View: Azerbaijan’s first oil shipments to Armenia strengthen peace efforts

Azerbaijan has begun exporting oil products to Armenia on 18 December, marking a milestone in the ongoing peace process and economic cooperation between the two countries. Experts say the move could serve as a bridge toward deeper regional stability and collaboration.

The fuel shipment, which marks the first such delivery in decades, comes during renewed efforts to normalise relations between the two neighbours and follows a series of trust-building measures aimed at restoring regional connectivity.

Speaking to AnewZ, Murad Muradov, Deputy Director at Topchubashov Centre, described the move as a significant milestone in the peace process.

“I think it's a very important step in terms of confidence building, first of all,” Muradov said, noting that energy cooperation had been considered as a peace-building tool as early as the 1990s. “Economic cooperation can always be an important bridge towards peace.”

Muradov stressed the symbolic importance of the fuel export, especially following the recent transit of grain through Azerbaijan.

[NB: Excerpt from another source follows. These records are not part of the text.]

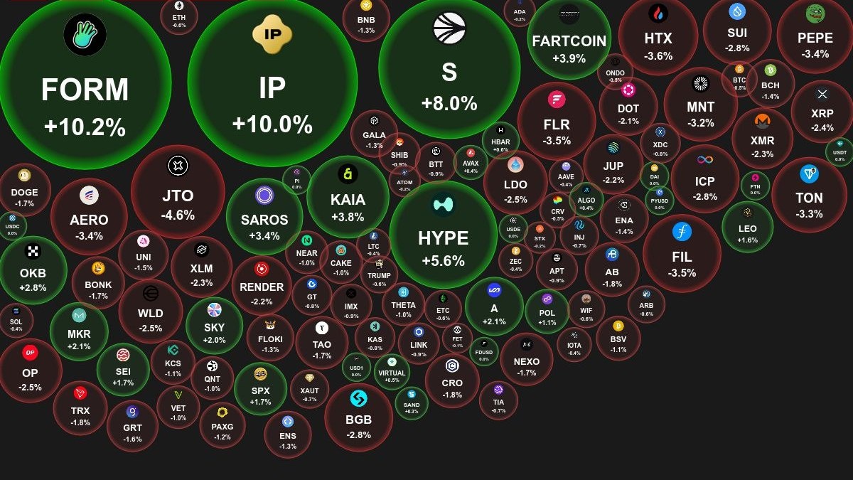 📊 Ежедневный обзор рынка криптовалют от Coinbubbles.ru 🗓 23.06.2025 11:07 по Москве. 🔗 Посмотреть на сайте 📈 Лидеры роста (из ТОП-100): 🟢 Four (FORM): $2.5737 (+10.2%) 🟢 Story (IP): $3.0371 (+10%) 🟢 Sonic (prev. FTM) (S): $0.2822 (+8%) 📉 Лидеры падения (из ТОП-100): 🔴 Jito (JTO): $1.9953 (-4.7%) 🔴 HTX DAO (HTX): $0.0000 (-3.6%) 🔴 Filecoin (FIL): $2.1084 (-3.6%) 🔍 Основные метрики: 🔴 Общая капитализация: $3123.99 млрд (-0.62%) 🟢 Общий объем торгов: $138.86 млрд (+25.65%) 🟢 Доминация Bitcoin: 64.90% (+0.04%) 🔴 Доминация Ethereum: 8.74% (-0.00%) 🟢 Индекс страха и жадности: 47 / 100: СТРАХ (+5) 🔴 Индекс Альтсезона: 14 / 100: БИТКОИН-СЕЗОН (-5) 📖 Интересные статьи: 👉 Все способы купить USDT за рубли в России 2025. 👉 Фьючерсы на криптовалюты в 2025 году: Полное руководство для начинающих. 👉 Майнинг на GPU видеокартах - подробное руководство для новичков.
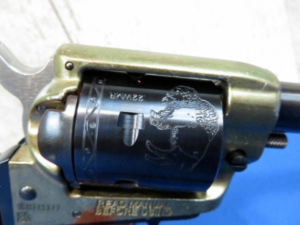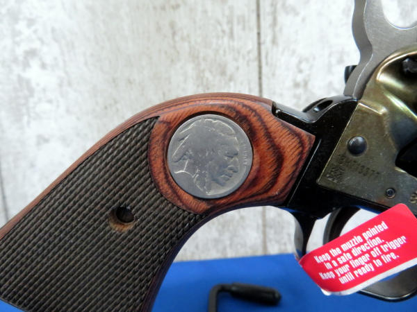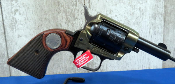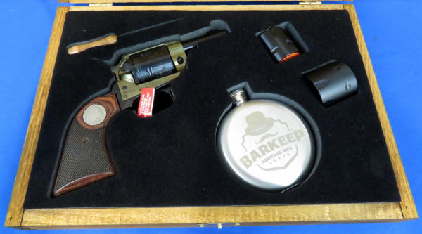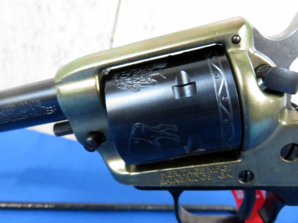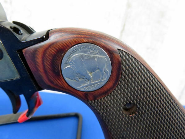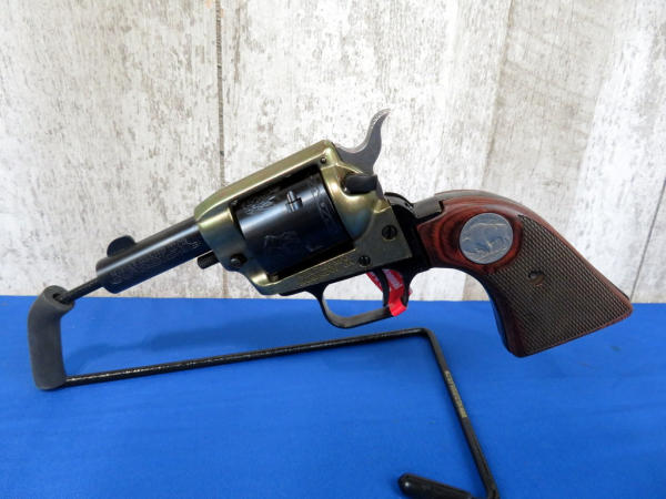 has a nice presentation wood case and original box; includes flask, LR cylinder and an engraved WMR cylinder w/buffalo graphics; has two Indian buffalo nickels in grips; case hardened frame; 2-5/8" BBL; nice set; SN#1BH713377
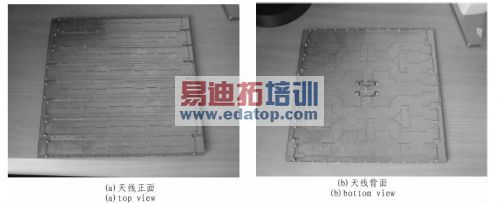 图4所示为天线的正反面结构示意图,正面所示为天线的辐射面,反面所示为天线的功分面。板材的介电常数为2.25,厚度为2 mm,该阵列包括8根辐射波导,每一根辐射波导上对称的开有10个缝隙。辐射波导的馈电方式为从两头对称的向中间馈电,这是与传统的主线支线耦合馈电不同。
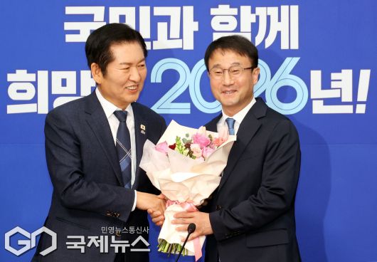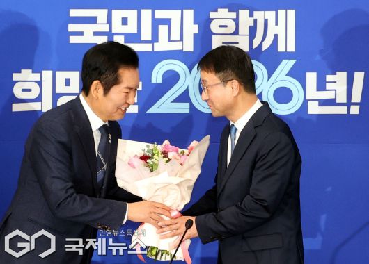 (서울=국제뉴스) 정청래 더불어민주당 대표와 한병도 원내대표가 12일 오전 서울 여의도 국회에서 열린 최고위원회의에서 꽃다발을 들고 기념 촬영을 하고 있다./사진=이용우 기자
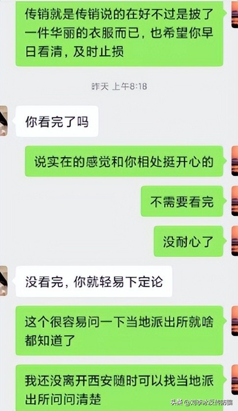 在西安1040传销呆了20天,从开始的计划逃跑,到最终的离开,我的朋友从一个熟悉的人变成了陌生的人,把我永久拉进了黑名单,只因为他说我说了它是传销,而它却还一直在梦里,做着自己的白日梦,希望那些正在被洗脑的别被骗,参与者早日清醒,也希望警方尽早清除这颗传销毒瘤。
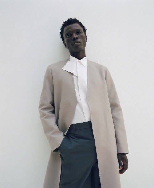 미니멀한 로케이션 덕분에 자연 에크루와 부드러운 뉴트럴 컬러, 인더스트리얼한 라이트 그레이 등을 바탕으로 밝은 금속성 청색, 강렬한 레드와 인디고 블루를 액센트 컬러로 한 컬렉션의 컬러 팔렛트가 돋보인다.
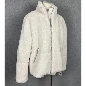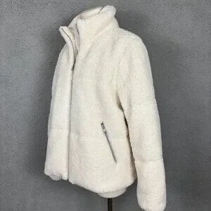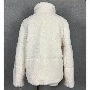 Levis Women's Stand Collar Sherpa Puffer Jacket Zip Up Pockets XL Cream NWT's.
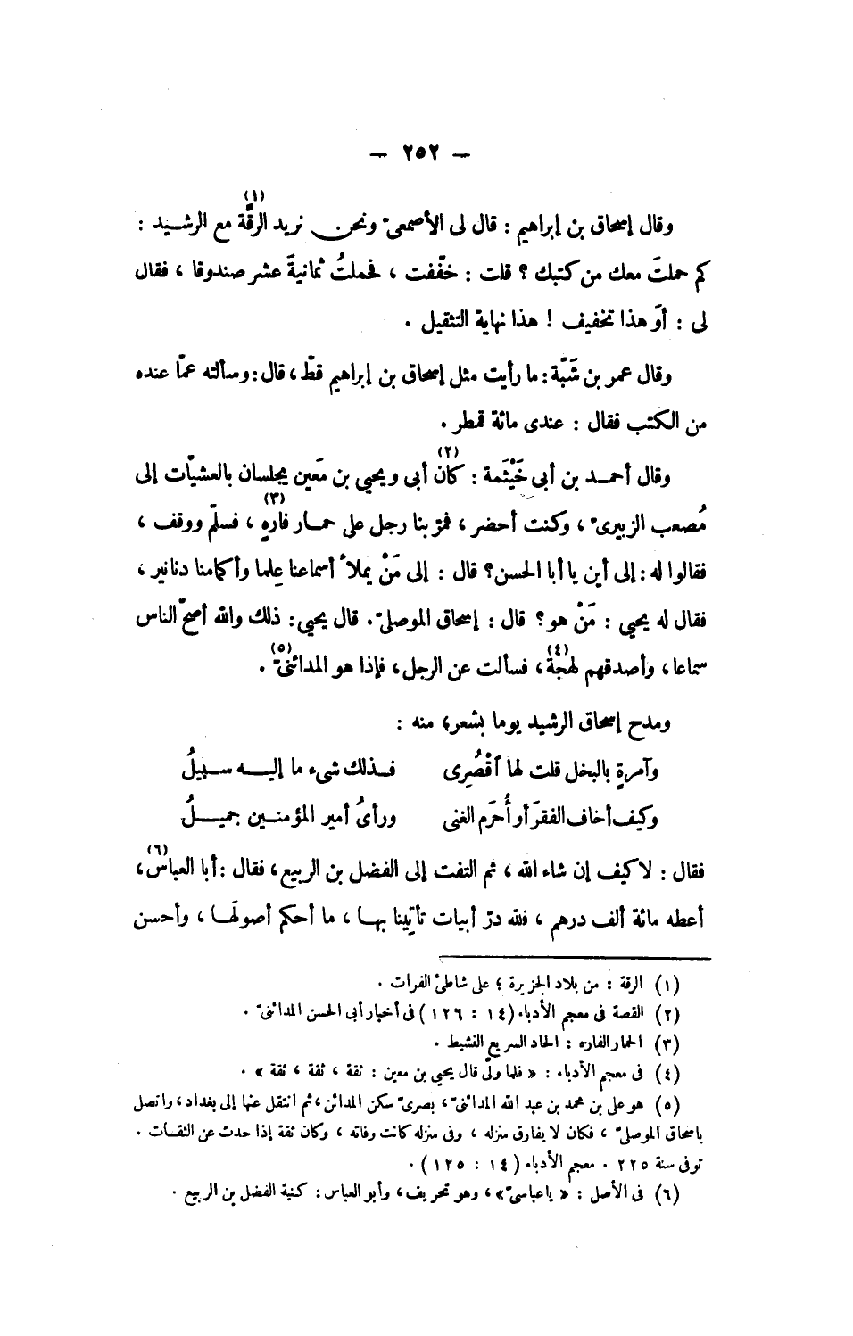 وقال أحمد بن أبى خيثمة: كان «2» أبى ويحيى بن معين يجلسان بالعشيّات إلى مصعب الزبيرىّ، وكنت أحضر، فمرّبنا رجل على حمار فاره «3»، فسلّم ووقف، فقالوا له: إلى أين يا أبا الحسن؟ قال: إلى من يملأ أسماعنا علما وأكمامنا دنانير، فقال له يحيى: من هو؟ قال: إسحاق الموصلىّ. قال يحيى: ذلك والله أصحّ الناس سماعا، وأصدقهم لهجة «4»، فسألت عن الرجل، فإذا هو المدائنىّ «5».
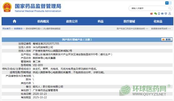 據(jù)賽柏藍(lán)器械在國(guó)家藥監(jiān)局查詢(xún),該產(chǎn)品注冊(cè)編號(hào)為粵械注冊(cè)20202071705,注冊(cè)人為華為終端有限公司,產(chǎn)品管理類(lèi)為第二類(lèi),適用的范圍或預(yù)期用途:供成人腕部單導(dǎo)心電數(shù)據(jù)的采集用。
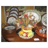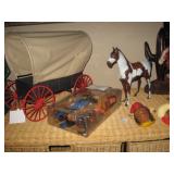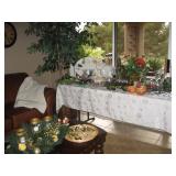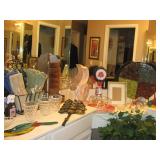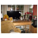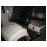 Golf cart; leather sofa and matching love seat; Dark dining room table and six chairs; side hutch; blonde drop leaf desk with matching file cabinets and book cases; King mattress set; Rattan bedroom furniture; Fire-pit patio table set with four chairs; Native American fetish, pottery and jewelry; Home theater stereo set; wood carving figurines; Waterford; Trundle bed; bike; golf clubs; all wood dinette set with four chairs; patio lounge chairs; vintage toy set; LLadro figurines; belt buckles; pewter miniatures; BBQ; Christmas tree; much home decor |
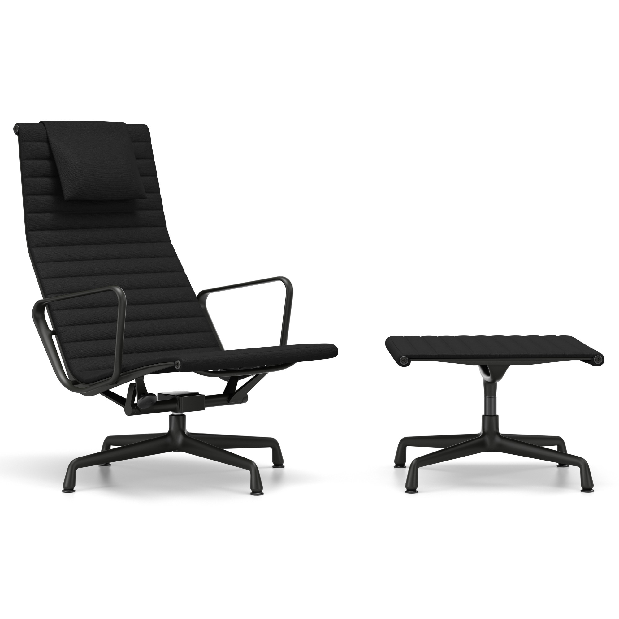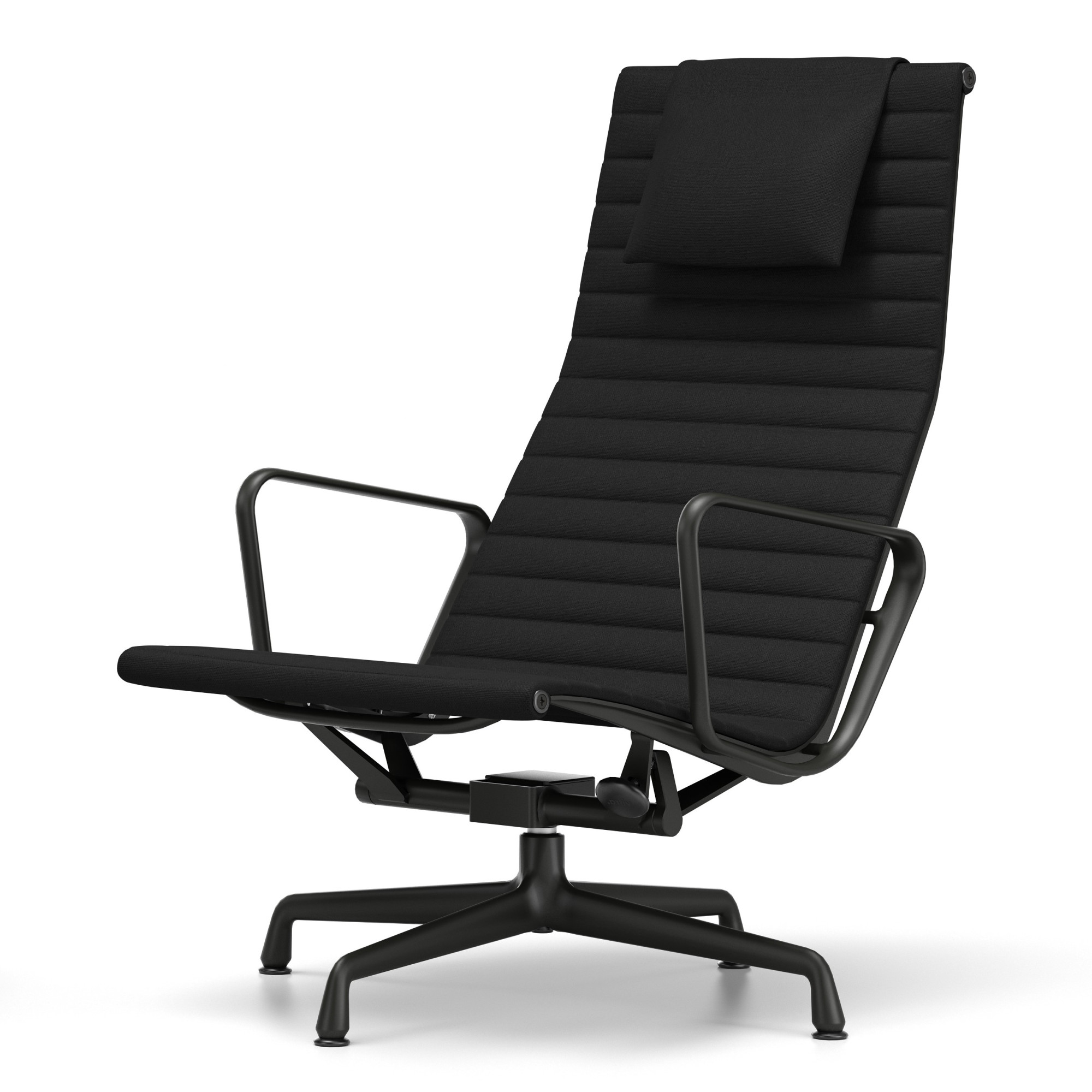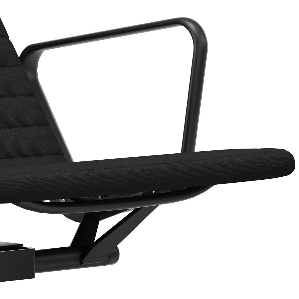 EA 124 z kolekcji Aluminium Group marki Vitra to esencja komfortu i ponadczasowej elegancji. Smukła sylwetka, wysokie oparcie i zintegrowany zagłówek perfekcyjnie dopasowują się do ciała, zapewniając wyjątkowy komfort nawet bez dodatkowych poduszek. Konstrukcja z napinanego materiału między profilami z odlewanego aluminium nadaje fotelowi lekkość, elastyczność i nowoczesny charakter. Wersja tapicerowana tkaniną Hopsak Nero 66 z bazą w kolorze czarnym to idealny wybór do domowego biura, salonu czy wnętrz publicznych – każdy, kto szuka nowoczesnego fotela, doceni połączenie luksusu i funkcjonalności.

“Selling fuel, which is produced in Azerbaijan, is even a more significant and symbolic step,” he said, adding that he hopes it will “help to cement the positive momentum that we have been enjoying since the Washington memorandum in August.”

The fuel shipment follows an agreement reached on 28 November in Gabala, a city in the north west of Azerbaijan, where Deputy Prime Minister Shahin Mustafayev met with Armenia’s Deputy Prime Minister Mher Grigoryan.

Armenian Prime Minister Nikol Pashinyan’s public acknowledgment of the shipment sends a positive political signal, the analyst said, despite domestic and international criticism.

“The fact that Prime Minister Pashinyan openly recognised it is also… a big signal that we have this momentum,” he said, adding that Yerevan appears ready to defend the process despite external pressure.